Figure 2 The CD276-expressing ESCC PSO specifically disintegrated by iPSC CD276-targeted CAR-NK cells. The ESCC PSO (primary cancers surgically resected) and NC PSO (adjacent esophageal epithelium located 2cm away from the proximal edge of ESCC) were obtained and processed from the surgical specimens. When co-cultured with iPSC-derived CD276-targeted CAR-NK cells at the same dosage from day 1 to day 5 (A), the CD276-expressing ESCC PSO experienced significant disintegration and suspension, while the CD276-negative NC PSO persisted and continued to grow during the same period. Moreover, the CD276-expressing ESCC PSO maintained its viability and growth morphology when cultured with iPSC NK cells or NK-culturing medium until day 5. These observations indicate that the characteristics of the PSO remain unaffected, except when lysed by CAR-NK cells, when evaluating the efficacy of NK or CAR-NK cells. In (B), the viable normal organoids were embedded in paraffin and sectioned with a thickness of 4um. Hematoxylin and eosin (HE) staining was subsequently performed on the organoid sections. The tissue architecture and cellular morphology of the organoids appeared similar between day 0 and day 5. This implies that the organoids remained viable and exhibited normal growth during the early stage. Scale bar, 30 µm. (C) was the immunohistochemistry staining of CD276 in a representative ESCC patient sample section (176114). Scale bar, 50 µm. (D) showed the fluorescence of cancer cell vitality in PSO cultured with CD276-CAR NK cells, iPSC-NK cells and NK-culturing medium respectively at 0 and 8 hours. In (E), relative fluorescence intensity of cancer cell vitality in PSO faded away at 8 hours when co-cultured with CD276-CAR NK cells, but remained high vitality in any of the other groups at the same time (left). The PSO lysis ratio in the CD276-CAR NK group was significantly higher than any of the other groups (right). *P < 0.05.

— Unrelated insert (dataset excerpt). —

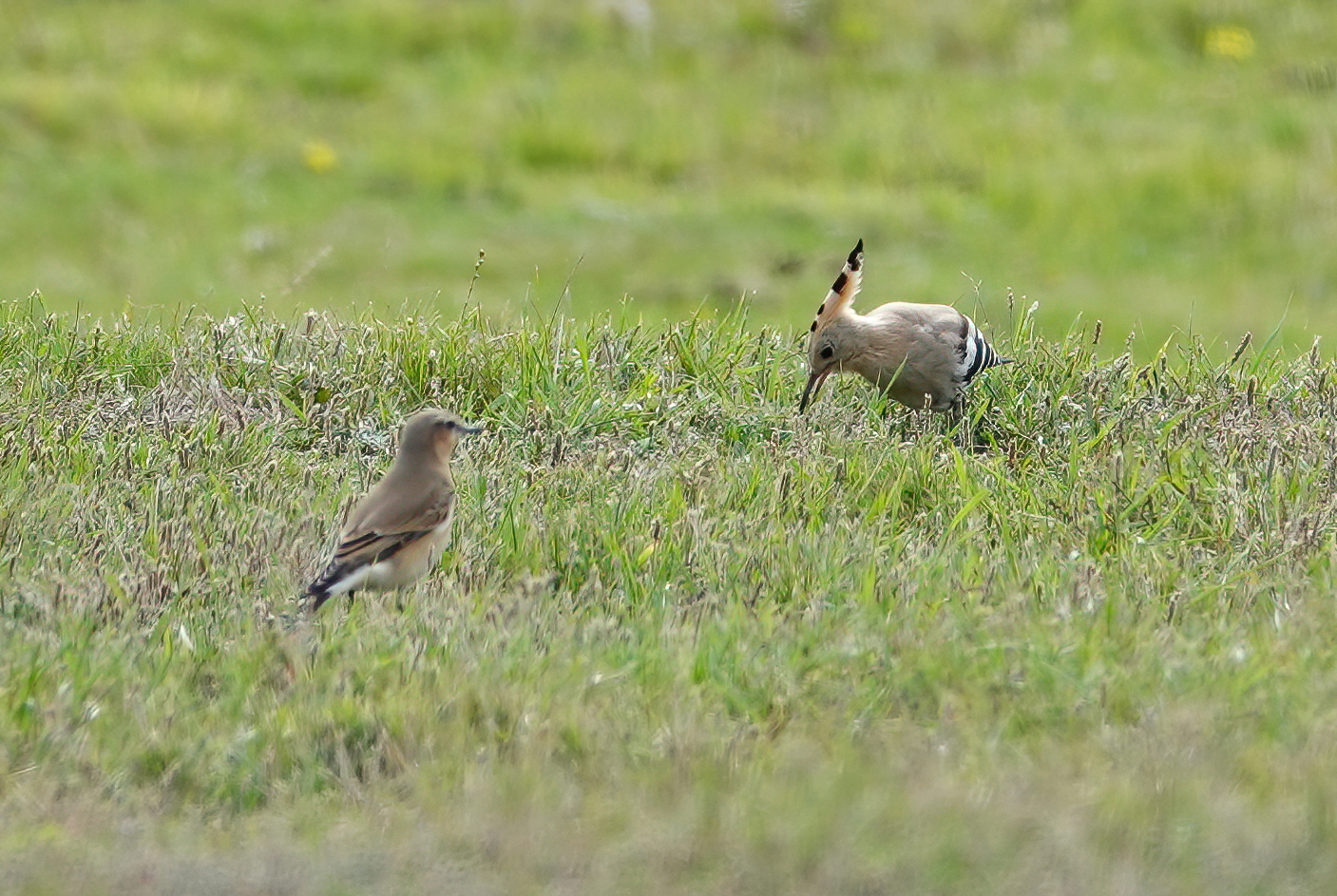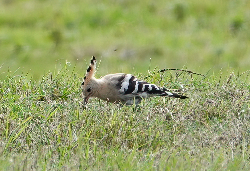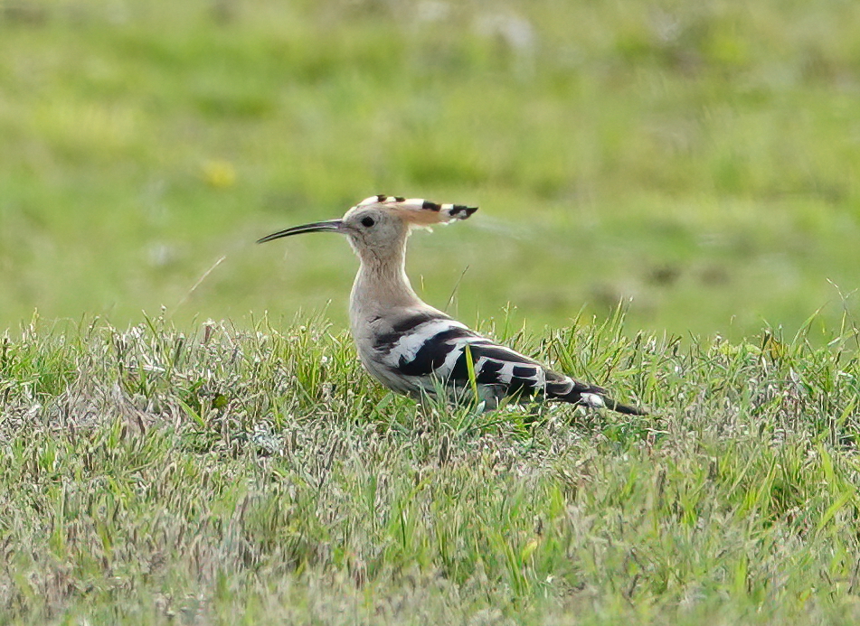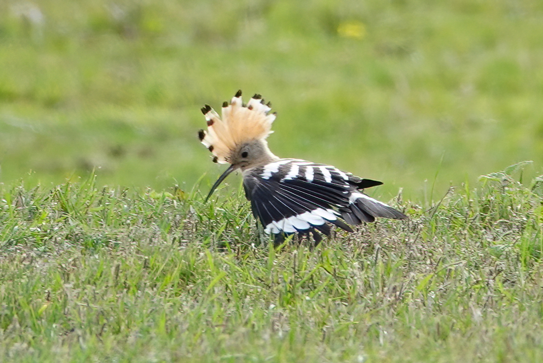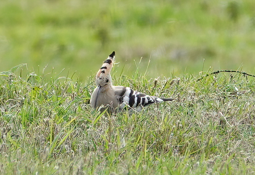 Managed to find a ‘window’ to drive down to KNNR and walk out to Sker Farm to see the Hoopoe found by GBC trustee Strinda Davies. It performed pretty well in the field it is currently calling home, finding plenty of what looked like black caterpillars to feed on. At one point it was irritated by the sudden arrival of a Wheatear and raised its crest and spread its wings.

Following ESCC PSO manufacture, the released single cells were collected and cultured in flasks to generate patient-specific primary cultured cancer cells. To demonstrate the significant cytotoxicity of iPSC CD276-targeted CAR-NK cells against CD276-expressing primary cultured ESCC cells, we conducted a CCK-8 assay. We measured the viability of primary cultured ESCC cells from a total of 16 cases of CD276-positive ESCC patients (Supplementary Figure 1). These cells were co-cultured with iPSC CD276-targeted CAR-NK cells (with replication of 16 times in 16 wells for each patient) and compared with co-cultures involving iPSC NK cells (replicated 16 times in 16 wells for each patient) and the NK cell culture medium (replicated 8 times in 8 wells for each patient) groups. The results of this analysis indicated that iPSC CD276-targeted CAR-NK cells displayed significant cytotoxicity against CD276-expressing primary cultured ESCC cells in comparison to the iPSC NK cell group or the NK cell culture medium blank control (Figure 3).

Figure 3
www.frontiersin.org

Figure 3 The significant cytotoxicity of iPSC CD276-targeted CAR-NK cells against CD276-expressing primary cultured ESCC cells detected by using CCK-8 assay. We measured the viability of primary cultured ESCC cells from a total of 16 CD276-positive ESCC patients. These cells were co-cultured with iPSC CD276-targeted CAR-NK cells (with replication of 16 times in 16 wells for each patient) and compared with co-cultures involving iPSC NK cells (replicated 16 times in 16 wells for each patient) and the NK cell culture medium (replicated 8 times in 8 wells for each patient) groups. The iPSC CD276-targeted CAR-NK cells displayed significant cytotoxicity against CD276-expressing primary cultured ESCC cells in comparison to the iPSC NK cell group or the NK cell culture medium blank control (refer to Figure 3). All the ratios of NK: ESCC cells were 1:2. *P < 0.05, **P < 0.01, ***P < 0.001, ****P < 0.0001, One-way ANOVA and Newman-Keuls test, ns: non significance.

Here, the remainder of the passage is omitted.